Люди песков (сборник) - Бердыназар Худайназаров
Шрифт:
Интервал:
Закладка:
Анкар-ага был озадачен не на шутку — такого еще не случалось в его доме. Как он должен поступить? Со старухой советоваться не приходится — та на поводу у невестки. Кейкер тоже глаз с нее не сводит. А почему она вдруг заговорила об уходе? Не зная, какое принять решение, старик задумчиво почесал жесткими пальцами голову. Побриться бы надо — пятница… И вдруг рассердился, сам не зная на кого: кто сказал, что обязательно в пятницу голову брить? Чем воскресенье хуже? Или понедельник? Положено? Мало ли что положено. А положено молоденьким невесткам, девчонкам, грозиться уйти из дома?! Да, Анкар, отстал ты, видно, от жизни. Думаешь — вожак, весь караван за тобой идет, а люди-то про тебя и забыли, плетешься в самом хвосте…
Может, дали они маху — не с тем домом породнились? Так ведь его сыновья сами себе жен выбирали: и Паша и Юрдаман. Он только сватать ездил, для приличия. С другой стороны, не такая уж сноха и неудачная: скромная, работящая, собой хороша… Может, он и в самом деле не прав? Не признает ее за человека? А как еще признавать — советоваться с ней? Ну уж нет, этому не бывать.
В субботу Анкар-ага, как и все, кто ехал на базар, с обеда ушел домой. Снохи дома не оказалось. Сходил к Нунне-пальвану, побрил голову, напился чаю. Споха все не появлялась. Видно, смирилась, оставила мысль о базаре. Дурсун тоже довольна: значит, все-таки уважает невестка ее мужа. Уж как рассердилась, а не выходит из его воли. Это вселяло спокойствие.
Кейик не появилась до вечера, Анкар-ага так и уехал, не повидав ее.
У них с Нунной-пальваном был одни ишак на двоих, да и тот не свой, а Поллыка. Заведующий фермой ушел куда-то, и Нунна уговорил его хозяйку удружить им ишака. Если бы женщина знала, как Нунна-пальван станет обращаться с бедной скотиной, и во двор не пустила бы.
Прежде всего он предложил Анкару-ага ехать на ишаке по очереди, а когда Анкар возразил: мол, без отдыха под седоком ишак устанет, Нунна заявил, что такую скотину жалеть нечего — не на праведные деньги куплена.
— Мы с тобой скоро год здесь и никак на ишака не соберем, а у Поллыка и шинель, и сапоги, и ишака сразу купил. Думаешь, спроста?
— У него хозяйство… Не все такие голые, как ты, — попытался возразить Анкар-ага.

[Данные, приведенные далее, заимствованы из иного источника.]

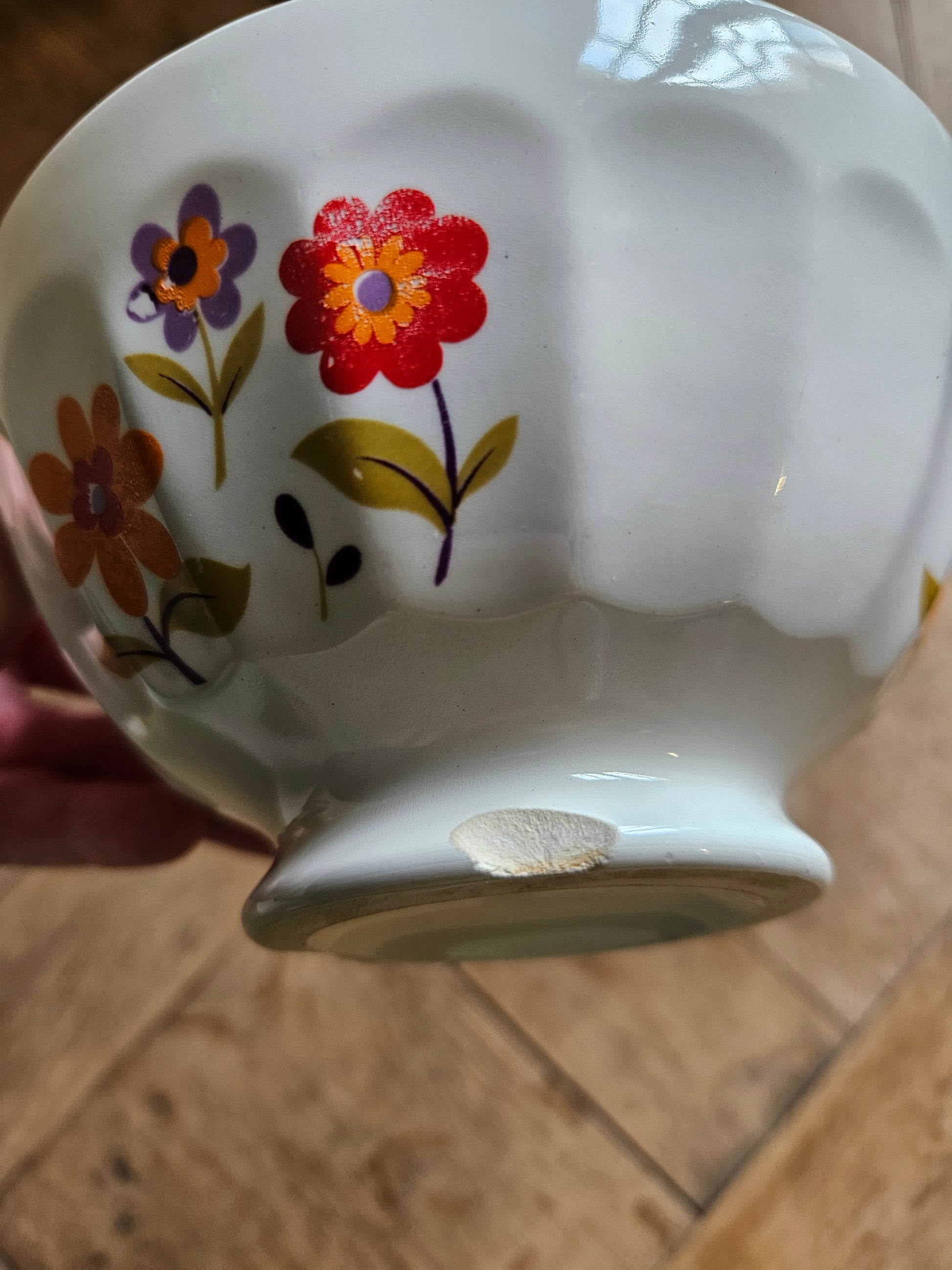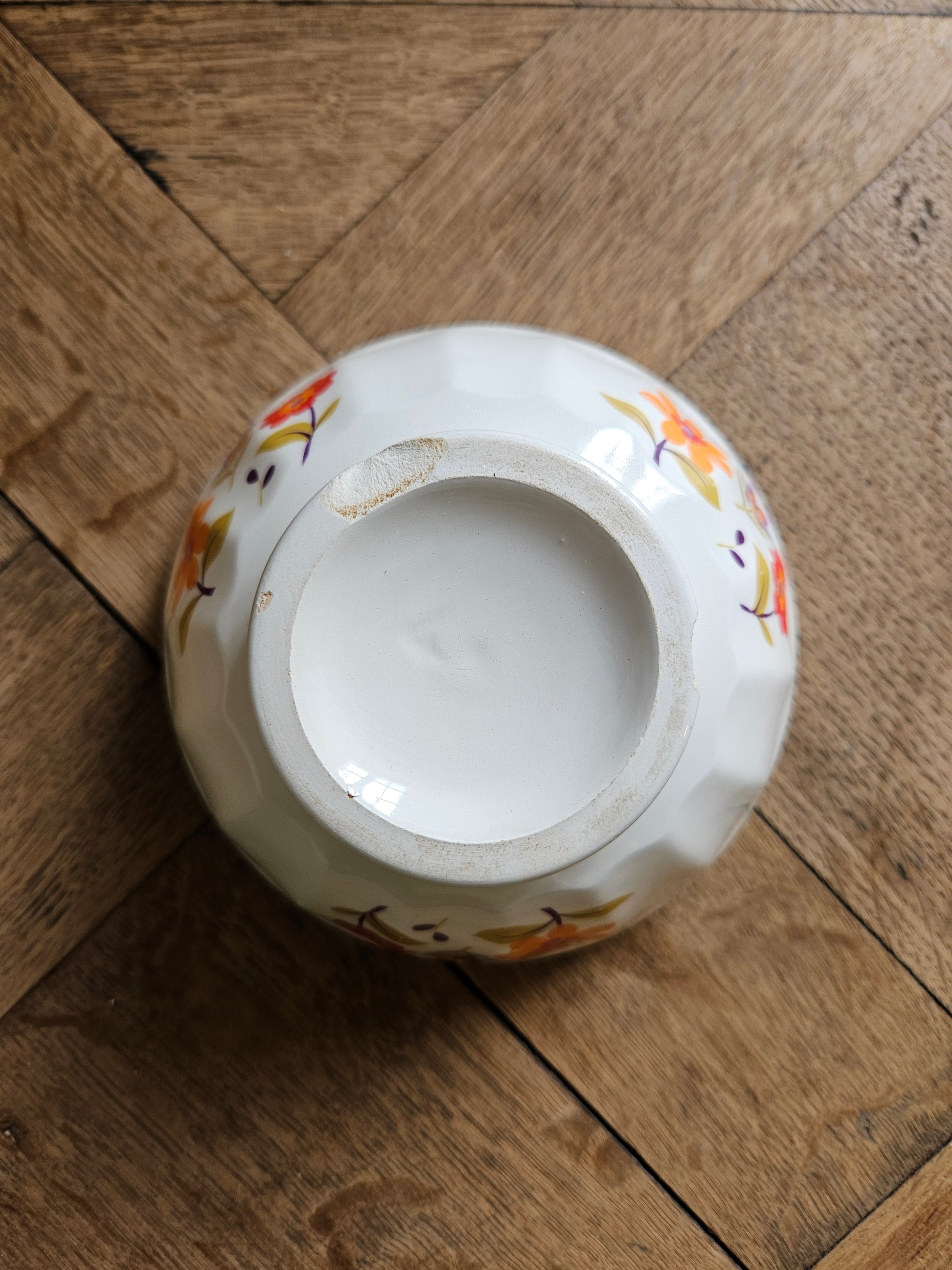 Bol à facettes ancien. Décor de petites fleurs multicolores, style années 70.

— Да брось, Анкар, по ишаку видно, какой у него хозяин: приметил — сено сложено, сразу туда тычется! Куда лезешь, проклятый! — Нунна-пальван резко дернул за уздцы и стукнул ишака палкой.
— Зря ты над скотиной мудруешь, — укоризненно заметил Анкар-ага. — Может, Поллык его в этих местах купил, вот и тянет к дому…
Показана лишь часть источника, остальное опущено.